▸ Exercise goal
No pictures should appear in the copy; otherwise retype the entries exactly.

····················

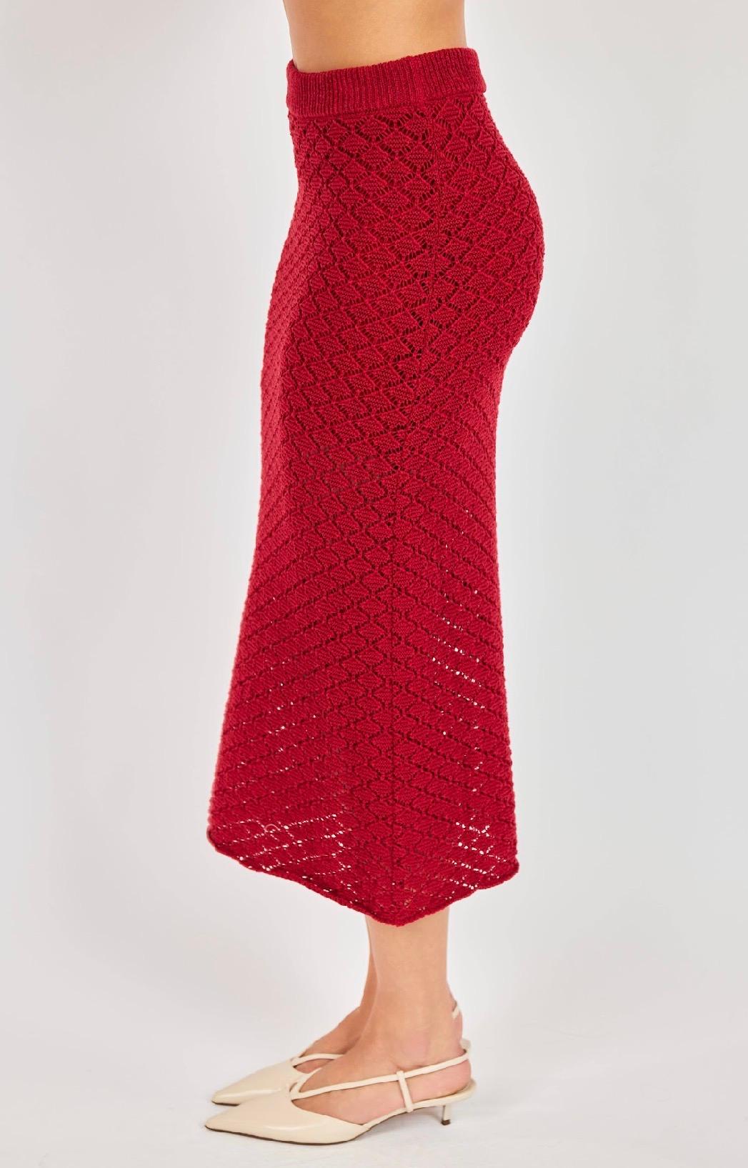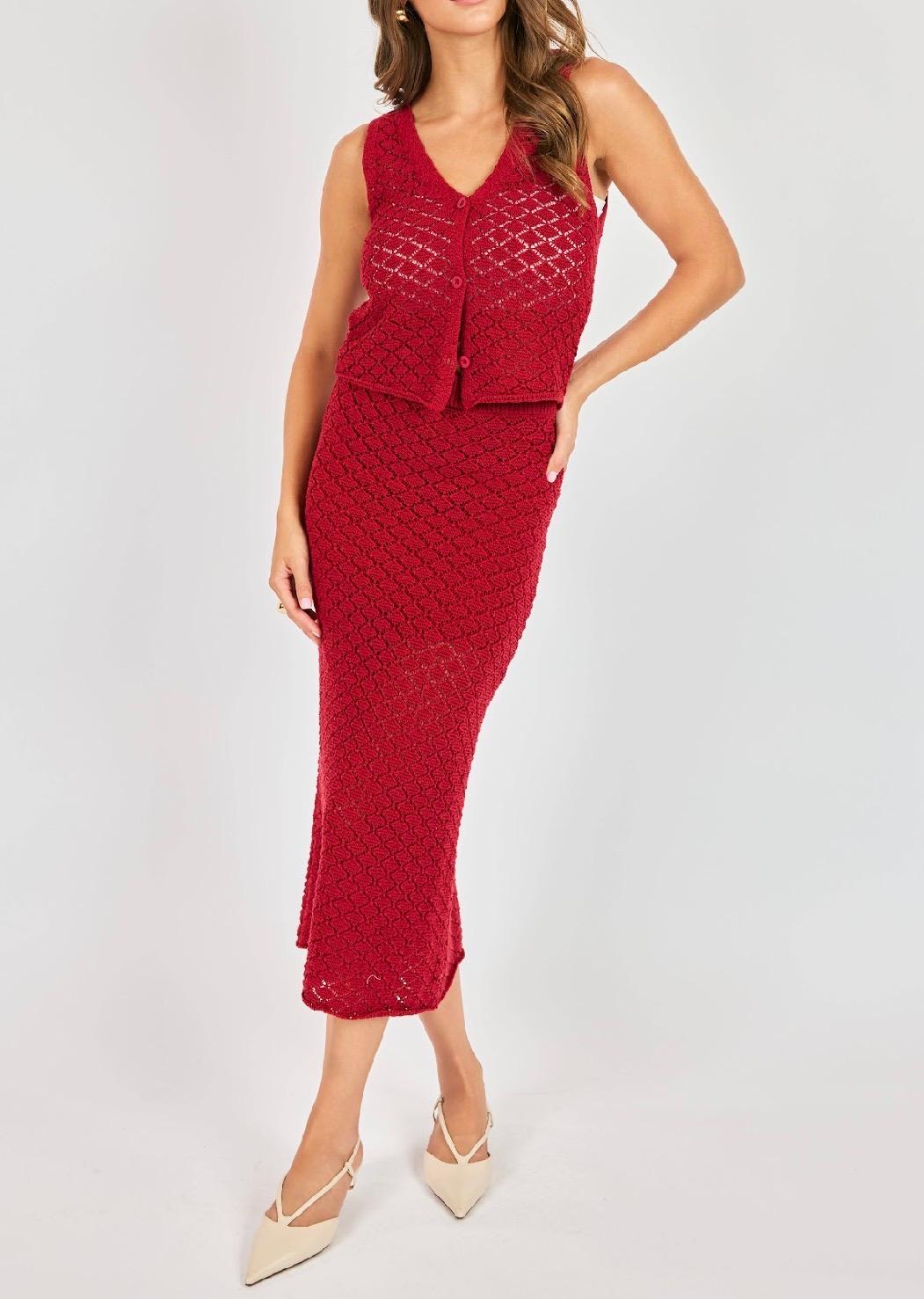 This midi skirt showcases the same beautiful textured open-knit pattern as its matching cardi vest for a cohesive, elevated look. Designed with a comfortable elastic waistband and a figure-skimming silhouette, it gently flares toward the hem for graceful movement. The skirt is lined to mid thigh for coverage while still allowing the intricate knit design to shine through. Falling at a midi length, it’s polished yet versatile — easy to dress up with heels or keep more casual with a simple sandal. Switch it up and pair it back to a simple tee.
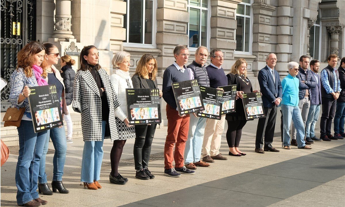 Miembros de la Corporación santanderina, trabajadores municipales y vecinos se han concentrado este mediodía en la plaza del Ayuntamiento para recordar a la mujer asesinada en Madrid el pasado 11 de octubre.
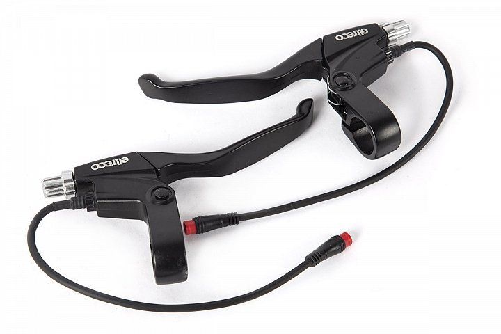 Две ручки тормоза, идущие в комплекте, снабжены концевиками, которые отключают электромотор при торможении.
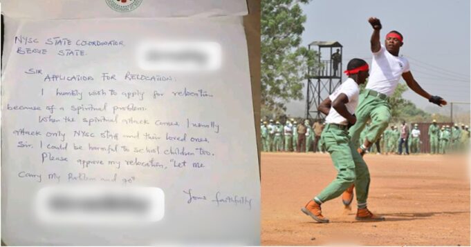 The corps member had written the Benue State Coordinator of a spiritual problem which made him attack NYSC staff and their loved ones only. He further added schoolchildren to the mix.
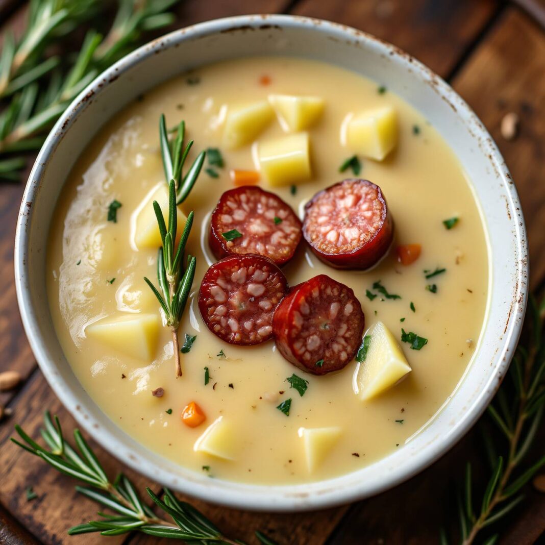 Eine cremige Kartoffelsuppe mit Rauchwürstchen, perfekt für kalte Tage.
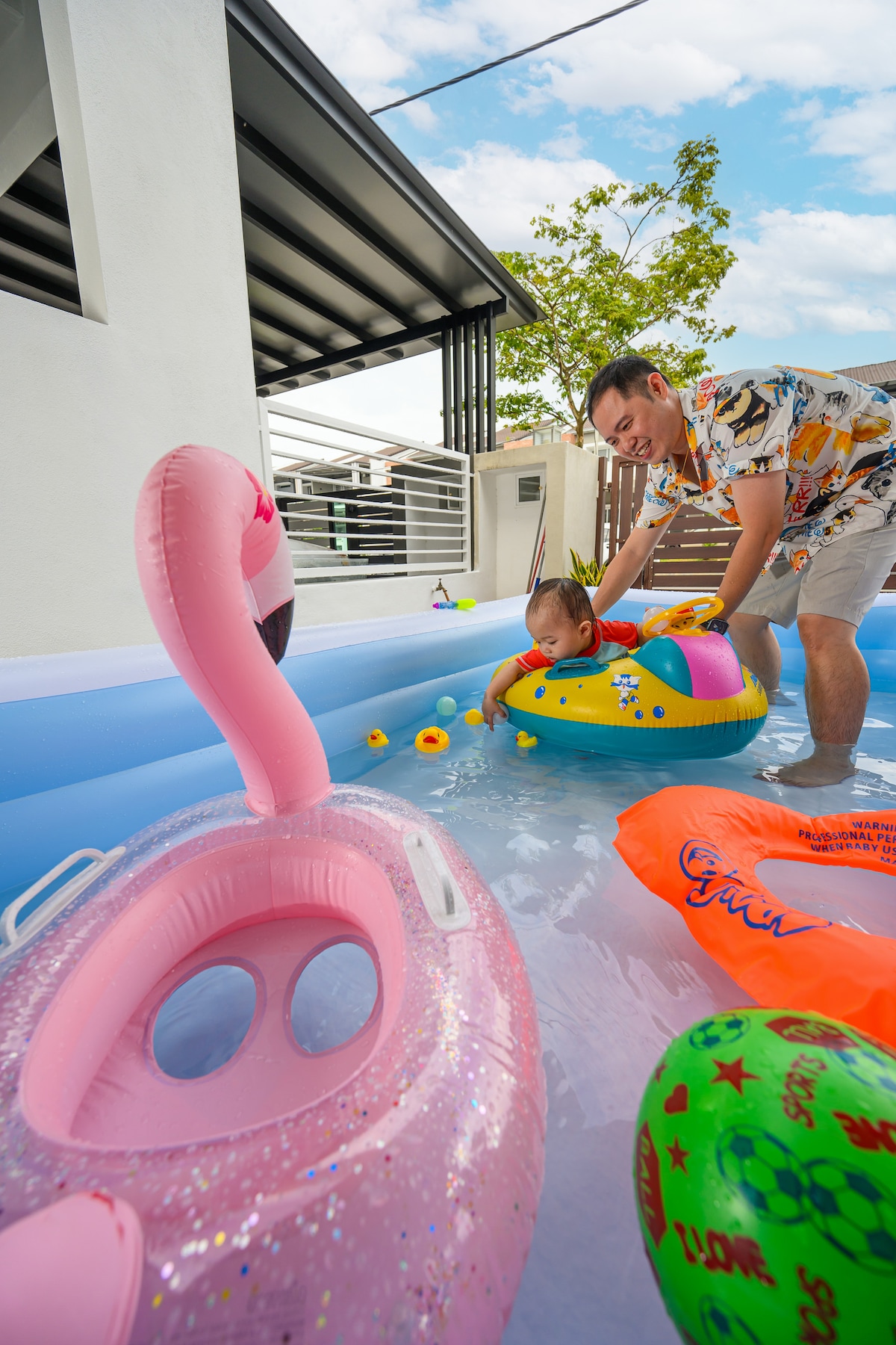 Modern Bali Stylish with Natural vibes give your a very complacent and peaceful stay. Pool and BBQ Grill Wifi provided Astro Channel, sports and movies Fully Airconditioned Washer machine Bathroom with water heater TV channel, Sofa, Fridge Outdoor CCTV Water heater and Microwave Important rules: Pet, Pork and Alcohol STRICTHLY NOT ALLOWED in the house

····················

▸ Answer below
 This midi skirt showcases the same beautiful textured open-knit pattern as its matching cardi vest for a cohesive, elevated look. Designed with a comfortable elastic waistband and a figure-skimming silhouette, it gently flares toward the hem for graceful movement. The skirt is lined to mid thigh for coverage while still allowing the intricate knit design to shine through. Falling at a midi length, it’s polished yet versatile — easy to dress up with heels or keep more casual with a simple sandal. Switch it up and pair it back to a simple tee.
 Miembros de la Corporación santanderina, trabajadores municipales y vecinos se han concentrado este mediodía en la plaza del Ayuntamiento para recordar a la mujer asesinada en Madrid el pasado 11 de octubre.
 Две ручки тормоза, идущие в комплекте, снабжены концевиками, которые отключают электромотор при торможении.
 The corps member had written the Benue State Coordinator of a spiritual problem which made him attack NYSC staff and their loved ones only. He further added schoolchildren to the mix.
 Eine cremige Kartoffelsuppe mit Rauchwürstchen, perfekt für kalte Tage.
 Modern Bali Stylish with Natural vibes give your a very complacent and peaceful stay. Pool and BBQ Grill Wifi provided Astro Channel, sports and movies Fully Airconditioned Washer machine Bathroom with water heater TV channel, Sofa, Fridge Outdoor CCTV Water heater and Microwave Important rules: Pet, Pork and Alcohol STRICTHLY NOT ALLOWED in the house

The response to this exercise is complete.